如上所述,函数f接收两个参数:第一个分配给x数组,第二个分配给y.

f可以通过两种方式调用。第一种方式使用"${a[@]}"作为第一个参数,结果是:

jfaldsj 
jflajds

第二种方式使用"${a[*]}"作为第一个参数,结果是:

jfaldsj 
jflajds 
LAST

结果都不如我所愿。那么,有没有人知道如何在函数之间正确传递数组?

4

7 回答 7

112

你不能传递一个数组,你只能传递它的元素(即扩展数组)。

#!/bin/bash
function f() {
    a=("$@")
    ((last_idx=${#a[@]} - 1))
    b=${a[last_idx]}
    unset a[last_idx]

    for i in "${a[@]}" ; do
        echo "$i"
    done
    echo "b: $b"
}

x=("one two" "LAST")
b='even more'

f "${x[@]}" "$b"
echo ===============
f "${x[*]}" "$b"

另一种可能性是按名称传递数组:

#!/bin/bash
function f() {
    name=$1[@]
    b=$2
    a=("${!name}")

    for i in "${a[@]}" ; do
        echo "$i"
    done
    echo "b: $b"
}

x=("one two" "LAST")
b='even more'

f x "$b"
于 2013-05-09T12:33:48.163 回答
59

您可以通过设置-n属性将数组按名称引用传递给 bash(自 4.3+ 版起)中的函数:

show_value () # array index
{
    local -n myarray=$1
    local idx=$2
    echo "${myarray[$idx]}"
}

这适用于索引数组:

$ shadock=(ga bu zo meu)
$ show_value shadock 2
zo

它也适用于关联数组:

$ declare -A days=([monday]=eggs [tuesday]=bread [sunday]=jam)
$ show_value days sunday
jam

另见namerefdeclare -n在手册页中。

于 2014-10-18T18:18:16.500 回答
14

您可以先传递“标量”值。这将简化事情:

f(){
  b=$1
  shift
  a=("$@")

  for i in "${a[@]}"
  do
    echo $i
  done
  ....
}

a=("jfaldsj jflajds" "LAST")
b=NOEFLDJF

f "$b" "${a[@]}"

此时,你不妨直接使用array-ish的位置参数

f(){
  b=$1
  shift

  for i in "$@"   # or simply "for i; do"
  do
    echo $i
  done
  ....
}

f "$b" "${a[@]}"
于 2013-05-09T12:52:13.477 回答
3

这将解决将数组传递给函数的问题:

#!/bin/bash

foo() {
    string=$1
    array=($@)
    echo "array is ${array[@]}"
    echo "array is ${array[1]}"
    return
}
array=( one two three )
foo ${array[@]}
colors=( red green blue )
foo ${colors[@]}
于 2013-10-21T10:33:45.690 回答
0

像这样试试

function parseArray {
    array=("$@")

    for data in "${array[@]}"
    do
        echo ${data}
    done
}

array=("value" "value1")

parseArray "${array[@]}"
于 2021-11-08T15:04:47.347 回答
0

这是一个示例,其中我将 2 个 bash 数组接收到一个函数中,以及它们之后的附加参数。

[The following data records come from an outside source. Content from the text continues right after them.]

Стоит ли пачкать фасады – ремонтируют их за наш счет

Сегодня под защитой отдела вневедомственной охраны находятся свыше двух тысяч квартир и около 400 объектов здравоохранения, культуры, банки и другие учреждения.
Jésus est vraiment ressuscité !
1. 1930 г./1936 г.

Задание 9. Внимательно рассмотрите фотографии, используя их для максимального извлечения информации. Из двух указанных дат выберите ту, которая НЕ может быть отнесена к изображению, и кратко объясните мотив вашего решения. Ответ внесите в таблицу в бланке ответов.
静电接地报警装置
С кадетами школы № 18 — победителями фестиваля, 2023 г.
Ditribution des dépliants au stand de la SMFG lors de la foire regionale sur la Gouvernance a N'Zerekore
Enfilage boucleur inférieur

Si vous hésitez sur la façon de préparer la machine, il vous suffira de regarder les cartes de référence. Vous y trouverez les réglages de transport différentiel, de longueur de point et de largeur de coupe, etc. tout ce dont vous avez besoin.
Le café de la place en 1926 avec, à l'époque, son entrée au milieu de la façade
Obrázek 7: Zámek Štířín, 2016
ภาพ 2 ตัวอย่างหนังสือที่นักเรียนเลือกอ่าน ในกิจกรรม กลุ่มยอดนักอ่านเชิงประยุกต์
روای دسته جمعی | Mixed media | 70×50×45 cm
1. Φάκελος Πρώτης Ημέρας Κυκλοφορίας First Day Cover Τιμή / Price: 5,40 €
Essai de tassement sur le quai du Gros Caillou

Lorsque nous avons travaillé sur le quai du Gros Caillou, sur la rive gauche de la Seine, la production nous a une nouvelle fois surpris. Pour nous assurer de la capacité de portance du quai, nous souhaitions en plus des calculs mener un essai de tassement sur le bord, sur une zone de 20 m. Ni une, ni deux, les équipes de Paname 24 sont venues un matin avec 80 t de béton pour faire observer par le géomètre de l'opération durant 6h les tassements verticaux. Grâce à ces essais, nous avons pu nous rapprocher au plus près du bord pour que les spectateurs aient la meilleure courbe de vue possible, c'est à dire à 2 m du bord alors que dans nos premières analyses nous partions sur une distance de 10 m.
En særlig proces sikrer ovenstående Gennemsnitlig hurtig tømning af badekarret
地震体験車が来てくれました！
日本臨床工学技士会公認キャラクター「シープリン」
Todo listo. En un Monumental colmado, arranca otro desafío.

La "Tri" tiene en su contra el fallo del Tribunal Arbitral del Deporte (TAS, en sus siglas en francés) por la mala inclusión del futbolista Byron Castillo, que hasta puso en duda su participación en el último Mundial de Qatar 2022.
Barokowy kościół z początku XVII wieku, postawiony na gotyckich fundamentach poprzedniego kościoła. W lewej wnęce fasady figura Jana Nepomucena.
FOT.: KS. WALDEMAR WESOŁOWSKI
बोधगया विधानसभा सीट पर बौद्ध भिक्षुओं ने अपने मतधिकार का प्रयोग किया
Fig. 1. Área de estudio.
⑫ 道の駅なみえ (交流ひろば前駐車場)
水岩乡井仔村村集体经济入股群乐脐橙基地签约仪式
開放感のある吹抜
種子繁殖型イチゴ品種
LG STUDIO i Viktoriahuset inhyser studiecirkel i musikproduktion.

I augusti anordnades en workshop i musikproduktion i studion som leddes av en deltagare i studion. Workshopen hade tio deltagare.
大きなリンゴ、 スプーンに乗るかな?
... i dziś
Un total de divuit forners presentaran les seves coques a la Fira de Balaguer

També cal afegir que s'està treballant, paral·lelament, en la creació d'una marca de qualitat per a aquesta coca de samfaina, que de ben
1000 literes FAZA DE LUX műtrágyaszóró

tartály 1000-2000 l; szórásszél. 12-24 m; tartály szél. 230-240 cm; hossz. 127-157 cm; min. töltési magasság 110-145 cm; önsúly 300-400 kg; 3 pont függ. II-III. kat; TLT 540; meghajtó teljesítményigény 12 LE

对于任意数量的 bash 数组任意数量的附加参数,只要每个 bash 数组的长度恰好位于该数组的元素之前,这种模式就可以无限期地继续下去,以适应任何输入参数顺序。

的函数定义print_two_arrays_plus_extra_args

# Print all elements of a bash array.
# General form:
#       print_one_array array1
# Example usage:
#       print_one_array "${array1[@]}"
print_one_array() {
    for element in "$@"; do
        printf "    %s\n" "$element"
    done
}

# Print all elements of two bash arrays, plus two extra args at the end.
# General form (notice length MUST come before the array in order
# to be able to parse the args!):
#       print_two_arrays_plus_extra_args array1_len array1 array2_len array2 \
#       extra_arg1 extra_arg2
# Example usage:
#       print_two_arrays_plus_extra_args "${#array1[@]}" "${array1[@]}" \
#       "${#array2[@]}" "${array2[@]}" "hello" "world"
print_two_arrays_plus_extra_args() {
    i=1

    # Read array1_len into a variable
    array1_len="${@:$i:1}"
    ((i++))
    # Read array1 into a new array
    array1=("${@:$i:$array1_len}")
    ((i += $array1_len))

    # Read array2_len into a variable
    array2_len="${@:$i:1}"
    ((i++))
    # Read array2 into a new array
    array2=("${@:$i:$array2_len}")
    ((i += $array2_len))

    # You can now read the extra arguments all at once and gather them into a
    # new array like this:
    extra_args_array=("${@:$i}")

    # OR you can read the extra arguments individually into their own variables
    # one-by-one like this
    extra_arg1="${@:$i:1}"
    ((i++))
    extra_arg2="${@:$i:1}"
    ((i++))

    # Print the output
    echo "array1:"
    print_one_array "${array1[@]}"
    echo "array2:"
    print_one_array "${array2[@]}"
    echo "extra_arg1 = $extra_arg1"
    echo "extra_arg2 = $extra_arg2"
    echo "extra_args_array:"
    print_one_array "${extra_args_array[@]}"
}

示例用法:

array1=()
array1+=("one")
array1+=("two")
array1+=("three")

array2=("four" "five" "six" "seven" "eight")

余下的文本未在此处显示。